SUPPLIED MATERIAL —
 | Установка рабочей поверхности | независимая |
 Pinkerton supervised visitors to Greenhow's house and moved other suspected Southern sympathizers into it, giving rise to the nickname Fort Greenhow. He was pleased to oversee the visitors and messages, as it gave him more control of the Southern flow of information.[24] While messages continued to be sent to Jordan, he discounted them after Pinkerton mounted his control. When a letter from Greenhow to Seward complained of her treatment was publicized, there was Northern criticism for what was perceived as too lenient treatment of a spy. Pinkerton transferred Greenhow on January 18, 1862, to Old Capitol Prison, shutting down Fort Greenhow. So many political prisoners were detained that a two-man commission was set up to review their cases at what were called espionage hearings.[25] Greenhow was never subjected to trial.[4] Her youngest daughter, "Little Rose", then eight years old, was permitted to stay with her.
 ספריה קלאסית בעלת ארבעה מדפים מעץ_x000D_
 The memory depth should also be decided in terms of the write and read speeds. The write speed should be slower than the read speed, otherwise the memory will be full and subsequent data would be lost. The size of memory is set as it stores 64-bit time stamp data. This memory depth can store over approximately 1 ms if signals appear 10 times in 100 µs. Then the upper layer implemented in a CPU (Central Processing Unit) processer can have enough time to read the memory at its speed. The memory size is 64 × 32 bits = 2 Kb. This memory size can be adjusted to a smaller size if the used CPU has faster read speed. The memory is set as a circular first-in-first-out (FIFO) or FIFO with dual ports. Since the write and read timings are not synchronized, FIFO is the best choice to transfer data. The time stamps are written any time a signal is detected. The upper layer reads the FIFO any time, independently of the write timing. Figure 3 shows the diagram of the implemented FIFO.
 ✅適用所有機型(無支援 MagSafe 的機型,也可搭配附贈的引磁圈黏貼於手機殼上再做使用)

...

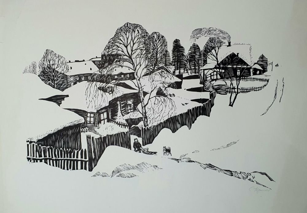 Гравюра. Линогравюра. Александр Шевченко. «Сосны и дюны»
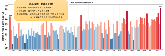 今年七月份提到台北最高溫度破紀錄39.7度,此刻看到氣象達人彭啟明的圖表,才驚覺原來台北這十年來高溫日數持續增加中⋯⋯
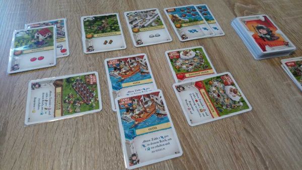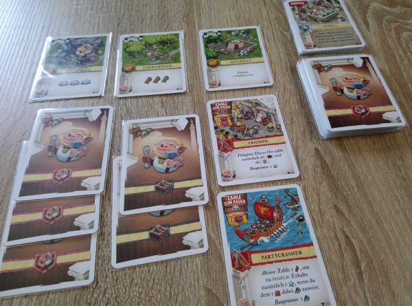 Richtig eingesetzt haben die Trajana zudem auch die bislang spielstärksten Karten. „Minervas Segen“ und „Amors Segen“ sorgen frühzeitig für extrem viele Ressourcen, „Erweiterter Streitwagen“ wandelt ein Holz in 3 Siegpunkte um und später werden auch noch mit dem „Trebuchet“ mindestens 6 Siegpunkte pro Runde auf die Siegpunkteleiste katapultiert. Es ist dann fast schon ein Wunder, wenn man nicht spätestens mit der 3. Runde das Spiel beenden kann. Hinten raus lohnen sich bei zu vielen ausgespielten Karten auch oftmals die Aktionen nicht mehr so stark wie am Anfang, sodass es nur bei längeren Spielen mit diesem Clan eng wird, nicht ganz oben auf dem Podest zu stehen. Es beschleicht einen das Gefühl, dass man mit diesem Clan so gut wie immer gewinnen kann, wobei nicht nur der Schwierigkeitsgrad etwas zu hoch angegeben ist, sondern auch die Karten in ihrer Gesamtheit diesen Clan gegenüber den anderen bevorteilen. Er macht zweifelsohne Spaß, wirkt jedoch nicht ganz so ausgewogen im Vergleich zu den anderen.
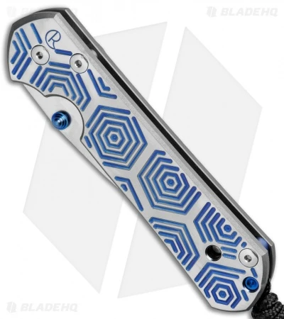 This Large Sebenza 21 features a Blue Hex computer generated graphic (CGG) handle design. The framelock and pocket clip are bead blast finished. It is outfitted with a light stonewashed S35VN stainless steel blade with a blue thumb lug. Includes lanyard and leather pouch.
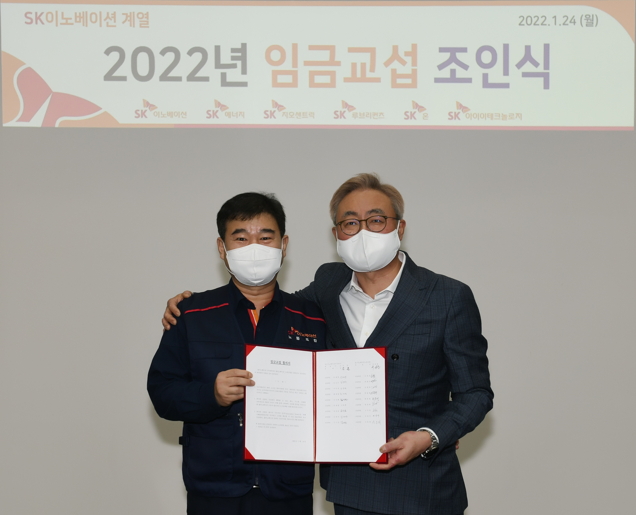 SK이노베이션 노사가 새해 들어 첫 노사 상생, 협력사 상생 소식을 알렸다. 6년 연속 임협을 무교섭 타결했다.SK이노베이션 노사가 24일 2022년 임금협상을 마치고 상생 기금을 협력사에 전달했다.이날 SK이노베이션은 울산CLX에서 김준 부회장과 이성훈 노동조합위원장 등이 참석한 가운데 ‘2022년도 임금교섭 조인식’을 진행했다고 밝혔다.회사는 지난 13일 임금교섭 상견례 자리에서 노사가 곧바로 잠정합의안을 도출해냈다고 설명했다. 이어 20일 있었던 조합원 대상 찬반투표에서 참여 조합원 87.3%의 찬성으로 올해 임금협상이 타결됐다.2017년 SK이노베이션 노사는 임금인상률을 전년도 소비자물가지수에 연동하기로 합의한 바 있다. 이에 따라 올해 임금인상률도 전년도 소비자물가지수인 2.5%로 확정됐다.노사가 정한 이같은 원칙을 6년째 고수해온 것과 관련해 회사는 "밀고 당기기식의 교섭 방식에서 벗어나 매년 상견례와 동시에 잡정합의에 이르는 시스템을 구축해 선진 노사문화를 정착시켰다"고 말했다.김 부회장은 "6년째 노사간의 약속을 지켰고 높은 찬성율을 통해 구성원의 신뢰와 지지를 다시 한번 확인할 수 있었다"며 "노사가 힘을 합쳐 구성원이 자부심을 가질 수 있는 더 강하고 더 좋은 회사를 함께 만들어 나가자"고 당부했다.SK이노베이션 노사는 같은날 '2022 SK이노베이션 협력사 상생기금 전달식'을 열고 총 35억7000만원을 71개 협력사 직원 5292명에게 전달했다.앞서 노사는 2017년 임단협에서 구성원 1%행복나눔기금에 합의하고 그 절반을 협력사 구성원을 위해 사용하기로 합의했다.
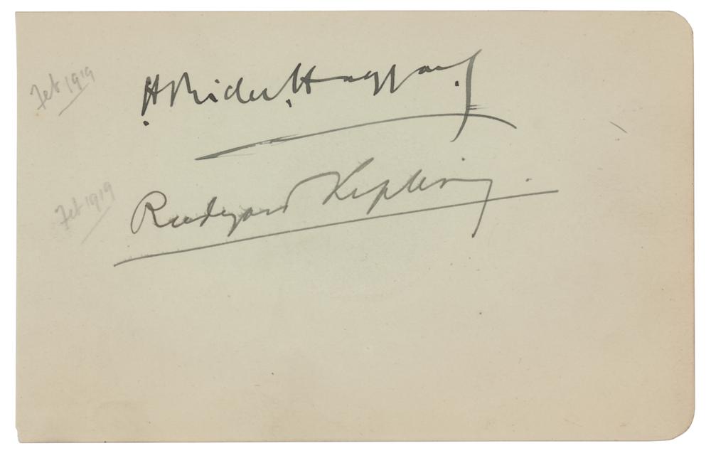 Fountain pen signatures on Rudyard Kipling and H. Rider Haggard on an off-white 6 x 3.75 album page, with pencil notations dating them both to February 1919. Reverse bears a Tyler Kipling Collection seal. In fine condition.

EXERCISE INSTRUCTIONS —
Your copy should hold only the lines above from the one containing "This Large Sebenza" through the one containing "Fountain pen signatures", exactly as written and free of pictures.

EXERCISE RESPONSE —
 This Large Sebenza 21 features a Blue Hex computer generated graphic (CGG) handle design. The framelock and pocket clip are bead blast finished. It is outfitted with a light stonewashed S35VN stainless steel blade with a blue thumb lug. Includes lanyard and leather pouch.
 SK이노베이션 노사가 새해 들어 첫 노사 상생, 협력사 상생 소식을 알렸다. 6년 연속 임협을 무교섭 타결했다.SK이노베이션 노사가 24일 2022년 임금협상을 마치고 상생 기금을 협력사에 전달했다.이날 SK이노베이션은 울산CLX에서 김준 부회장과 이성훈 노동조합위원장 등이 참석한 가운데 ‘2022년도 임금교섭 조인식’을 진행했다고 밝혔다.회사는 지난 13일 임금교섭 상견례 자리에서 노사가 곧바로 잠정합의안을 도출해냈다고 설명했다. 이어 20일 있었던 조합원 대상 찬반투표에서 참여 조합원 87.3%의 찬성으로 올해 임금협상이 타결됐다.2017년 SK이노베이션 노사는 임금인상률을 전년도 소비자물가지수에 연동하기로 합의한 바 있다. 이에 따라 올해 임금인상률도 전년도 소비자물가지수인 2.5%로 확정됐다.노사가 정한 이같은 원칙을 6년째 고수해온 것과 관련해 회사는 "밀고 당기기식의 교섭 방식에서 벗어나 매년 상견례와 동시에 잡정합의에 이르는 시스템을 구축해 선진 노사문화를 정착시켰다"고 말했다.김 부회장은 "6년째 노사간의 약속을 지켰고 높은 찬성율을 통해 구성원의 신뢰와 지지를 다시 한번 확인할 수 있었다"며 "노사가 힘을 합쳐 구성원이 자부심을 가질 수 있는 더 강하고 더 좋은 회사를 함께 만들어 나가자"고 당부했다.SK이노베이션 노사는 같은날 '2022 SK이노베이션 협력사 상생기금 전달식'을 열고 총 35억7000만원을 71개 협력사 직원 5292명에게 전달했다.앞서 노사는 2017년 임단협에서 구성원 1%행복나눔기금에 합의하고 그 절반을 협력사 구성원을 위해 사용하기로 합의했다.
 Fountain pen signatures on Rudyard Kipling and H. Rider Haggard on an off-white 6 x 3.75 album page, with pencil notations dating them both to February 1919. Reverse bears a Tyler Kipling Collection seal. In fine condition.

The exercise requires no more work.